London centric travel and oyster cards need joking up. An oyster will charge the maximum equivalent to a daily travel card in one day. Technically, to get a train from Paddington to Reading, we should catch a train to the boundary of the travel zone at West Drayton. Tap out and buy a ticket from there to Reading. It doesn't work so well if you queue for a ticket at Paddington ( because the machines can't do this) because you don't do the tapping in and out at the beginning/end of a zone limiting journey. It's so much messing around.
In this day and age, surely it would be possible to tap in at Paddington, tap out at Reading and when tapping out, you get charged the difference?


----------



## hash tag (Aug 13, 2022)

Seems a reasonable thread for this story about a blokes 22 year battle to win compensation for the equivalent of 21p. 

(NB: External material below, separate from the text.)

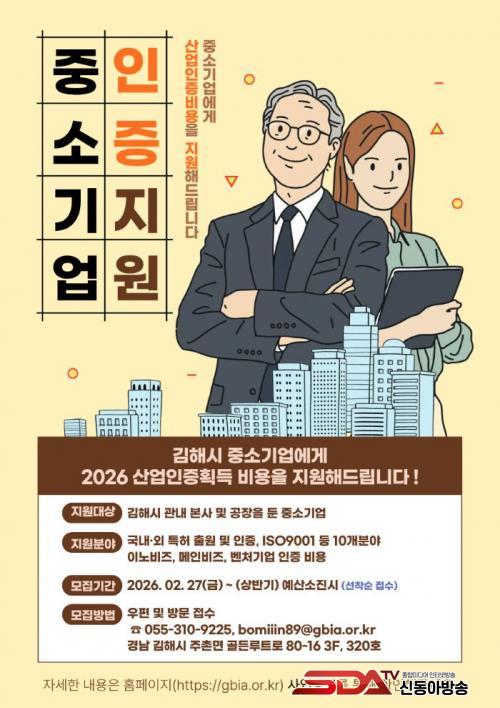 [½Åµ¿¾Æ¹æ¼Û °æ³²±èÇØ=³²±Ã¿µ±â±âÀÚ] ÃÖ±Ù ±Û·Î¹ú °æ±â µÐÈ­¿Í ÀÎÁõºñ¿ë Áõ°¡·Î Áß¼Ò±â¾÷ÀÇ ½ÃÀå ÁøÀÔ ºÎ´ãÀÌ Ä¿Áö´Â °¡¿îµ¥, ±èÇØÀÇ»ý¸í¡¤»ê¾÷ÁøÈï¿ø(¿øÀå ±èÁ¾¿í, ÀÌÇÏ ÁøÈï¿ø)Àº °ü³» Áß¼Ò±â¾÷ÀÇ ¼ºÀå»ýÅÂ°è °­È­¿Í ¸ÅÃâ °æÀï·Â Á¦°í¸¦ À§ÇØ ¡¸2026³â ±èÇØ½Ã Áß¼Ò±â¾÷ »ê¾÷ÀÎÁõºñ¿ë Áö¿ø»ç¾÷¡¹À» ¿À´Â 2¿ù 27ÀÏ ½ÃÇàÇÑ´Ù°í ¹àÇû´Ù.

						Man overcharged 20 rupees for India train ticket wins 22-year legal battle
					

Lawyer Tungnath Chaturvedi took on the might of Indian Railways after being charged 20 rupees – or 21p – too much




					www.theguardian.com


----------



## Puddy_Tat (Aug 13, 2022)

hash tag said:


> In this day and age, surely it would be possible to tap in at Paddington, tap out at Reading and when tapping out, you get charged the difference?



You can do Oyster / Contactless to Reading (and also a few other places beyond the London boundary - looks like some do contactless but not oyster or vice versa)

Not sure whether any of these work out cheaper / more expensive than changing / re-booking at the boundary station, or how they fit in to daily cap limits.

Ultimately, Oyster is and always was a TFL thing.  TFL could have sat back and waited for a nationally co-ordinated ticketing scheme across all modes of transport, but i think they would still be waiting for it...


----------



## hash tag (Aug 13, 2022)

Puddy_Tat said:


> You can do Oyster / Contactless to Reading (and also a few other places beyond the London boundary - looks like some do contactless but not oyster or vice versa)
> 
> Not sure whether any of these work out cheaper / more expensive than changing / re-booking at the boundary station, or how they fit in to daily cap limits.
> 
> Ultimately, Oyster is and always was a TFL thing.  TFL could have sat back and waited for a nationally co-ordinated ticketing scheme across all modes of transport, but i think they would still be waiting for it...


That won't work for us. As it was TFL somehow mucked up the charges applied to Mrs Tags oyster as she was charged well over the daily limit on the day in question. We think this was connected with tapping I at Paddington and next tapping out at Shepherds Bush. I'm guessing she needed to tap both ways at West Drayton. I have a freedom pass which again, would not have coped with this. There really is a big need for a fully integrated system.


----------



## Puddy_Tat (Aug 13, 2022)

hash tag said:


> As it was TFL somehow mucked up the charges applied to Mrs Tags oyster as she was charged well over the daily limit on the day in question. We think this was connected with tapping I at Paddington and next tapping out at Shepherds Bush. I'm guessing she needed to tap both ways at West Drayton.



hmm.

i'm not expert, but think if the (apparent) journey from Paddington to Shepherds Bush took longer than the system considered reasonable, it will charge a maximum fare.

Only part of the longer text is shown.